The statistics for Hennepin County, which is Minneapolis and its suburbs, are deeply depressing: 18.3 percent of white children are born out of wedlock (which is hardly reassuring), while 84.3 percent of African-American children are born to a single parent. To be a black child in Minneapolis living with both parents is truly to be a minority. How ineffably sad! And the social science research confirms how powerful is the negative impact on economic progress, individual opportunity, educational gains, future marriage prospects for children, etc. As Pearlstein says:
Simply put, so long as fragmentation rates remain as huge as they are, enormous numbers of children will keep doing inadequately in school (and, as a result, in economic life) –- no matter how much money we spend, no matter how boldly politicians lead and no matter how passionately teachers teach.

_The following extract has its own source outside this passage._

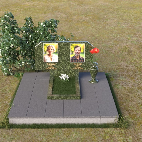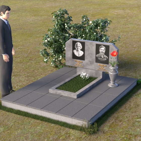 Этот ритуальное изделие (артикул ПГ027) – это не просто надгробный памятник, это способ выразить вашу любовь и уважение к ушедшему близкому человеку. Его строгая, но в то же время элегантная форма, с аккуратно скошенными углами верхней части, символизирует сдержанную скорбь и вечную память. Зеркальная полировка черного камня создает эффект глубины и объема, отражая небо и окружающий мир, словно напоминая о том, что душа усопшего нашла свой покой. Прямоугольная стела, установленная на подставке, выглядит лаконично и достойно. На полированной поверхности отчетливо видны портреты усопших, выгравированные с высокой точностью и детализацией. Композицию завершает ваза из того же материала, в которой можно разместить живые или искусственные цветы, как символ непреходящей любви и памяти. Одинокий красный мак, помещенный в вазу на изображении, служит трогательным акцентом, напоминающим о хрупкости жизни и необходимости ценить каждый момент.
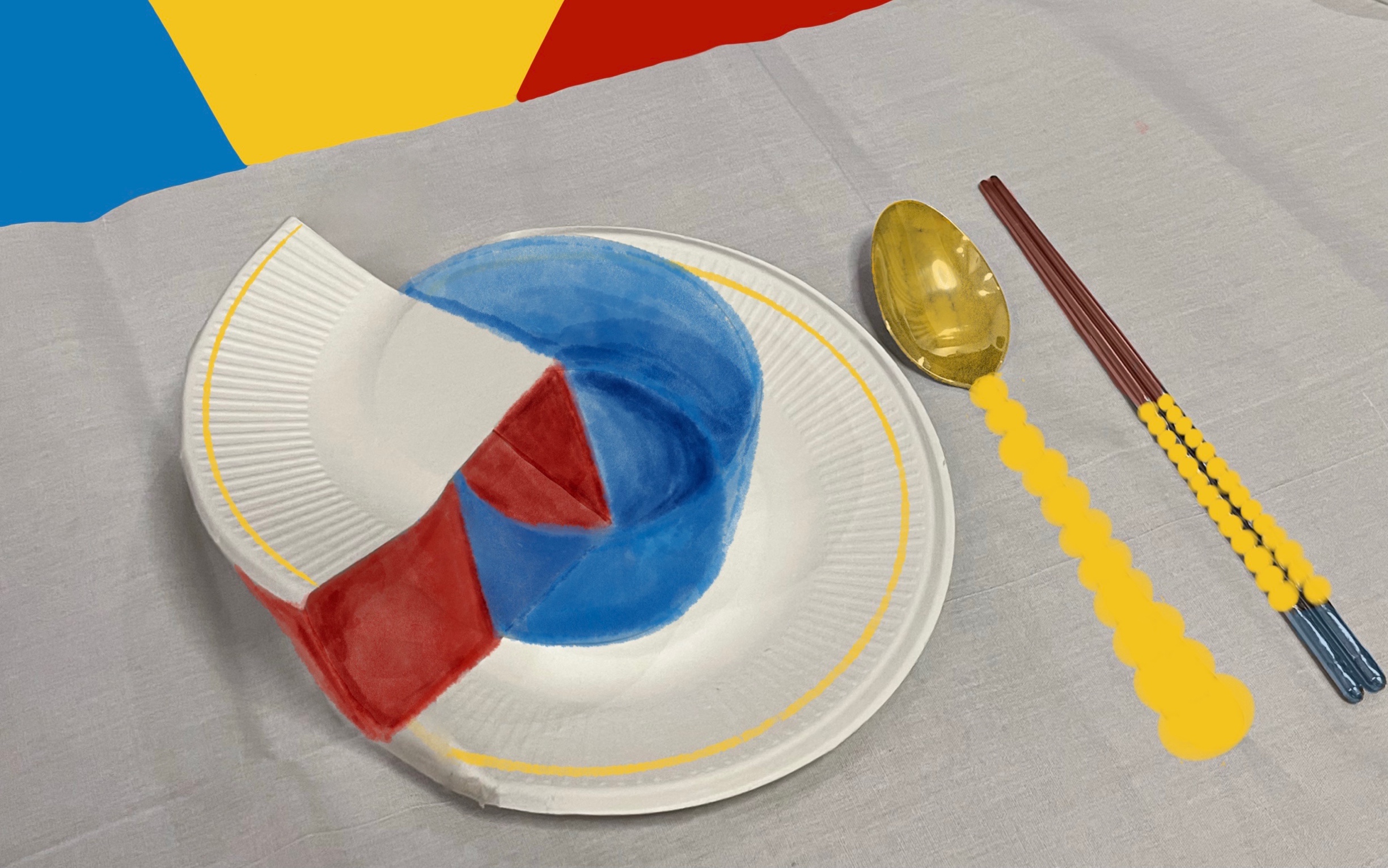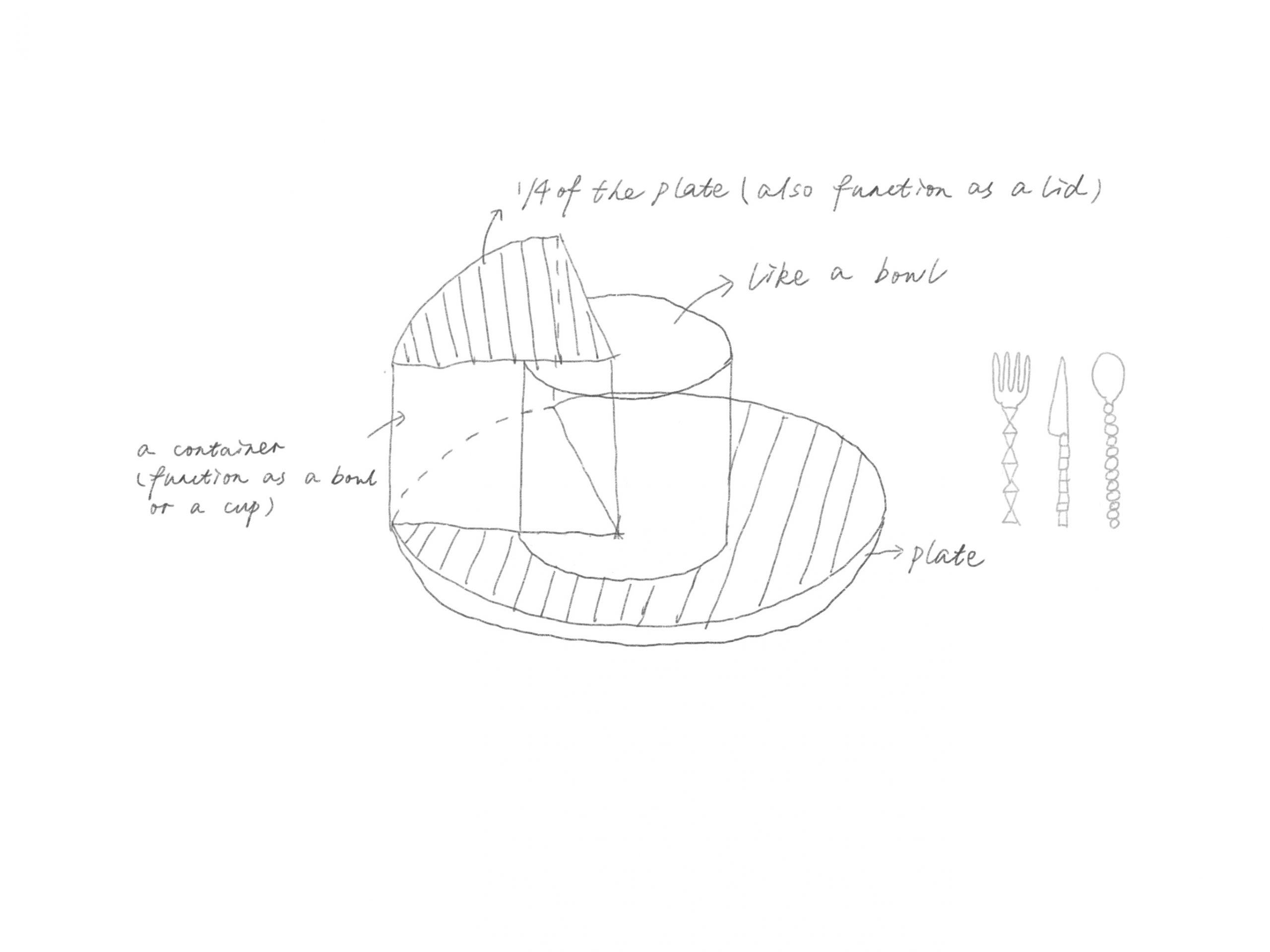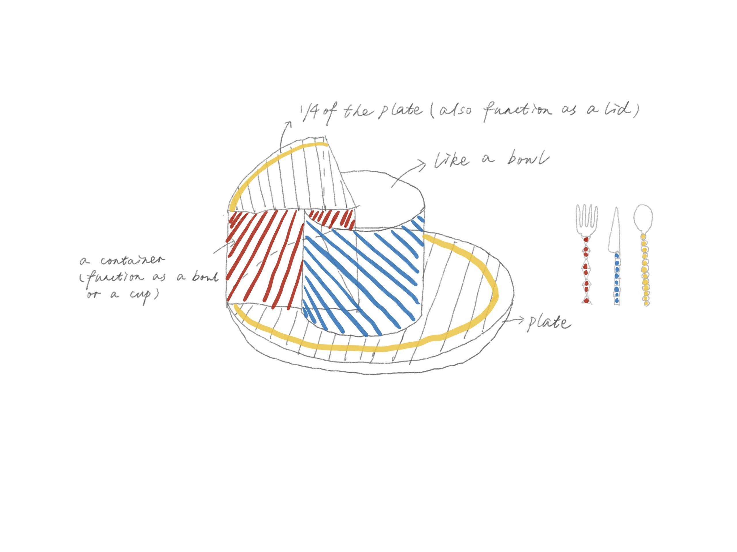 First, I made two sketches, marked the functions and colors, then I used paper plate and plastic for simple assembly. The most typical features of Bauhaus style are the use of red, yellow and blue, the use of geometric figures, and pragmatism. So in my works, I paid more attention to the functional design, and I used red, yellow and blue three colors simply as the appearance design. My design is to move a quarter of the plate to the top, and then use the plate as the cover, and put a similar cup or bowl under it, which can be used to hold drinks or soup. The plate serves as a lid to store the temperature well. A cup or bowl is also embedded in the middle of the plate. The two devices have a high degree of freedom and can be used differently according to different foods. At the same time, both devices can be taken out, and the plate can be put back in its original position. Instead of knife and fork, I chose chopsticks. Spoons and chopsticks are highly used in my life. I mainly design spoons and chopsticks in red, yellow and blue. The yellow ball part is made of some soft materials such as rubber, which makes eating more comfortable.

What can we do? We of course need to address the decline of marriage, which is not helped by the ongoing depreciation of marriage into an expression of self-fulfillment for adults rather than as a stable home for a mother and father in which to raise children. The Catholic Church must maintain its moral stance on marriage, while somehow making that teaching more present and practically meaningful to a new generation living in a moral-cultural abyss. The outrageous statistics of family broken-ness may provide a starting place for the discussion. The current sad state of affairs is a testament to the dangers that follow radical changes in fundamental social structure, which began in the 1960s but continue today. The Catholic message is an answer to that crisis.
In the meantime, how do we help those who are trapped in the cycle of family fragmentation, that is, children who grow up without two parents and who too often are left without the educational benefits and discipline and healthy attitudes that adhere to children growing up in a stable and unbroken family? Spending more money on welfare programs or public schools or this or that social experiment hasn’t been working and certainly cannot do all of the work.
Pearlstein says the answer is educational choice. And I read him as focusing less on the academic quality of private schools than on the different culture and community that a private school can foster, supplying the very things that at-risk children need. The research confirms that private school options for children from single parent homes bears fruit by making progress and maturity into adulthood sustainable over the years:
I asked this principal of a Catholic elementary school in the Twin Cities what her institution's mission was. “To manifest God’s love in every child,” she said, or words close to that. As educational mission statements go, this was one of the briefest yet meatiest ever drafted.
We on the Mirror of Justice have posted regularly about the importance of our Catholic schools and why we as Catholics should support them. Creating opportunities and building a support system for those at risk by family fragmentation is one more reason to maintain and strengthen our Catholic schools.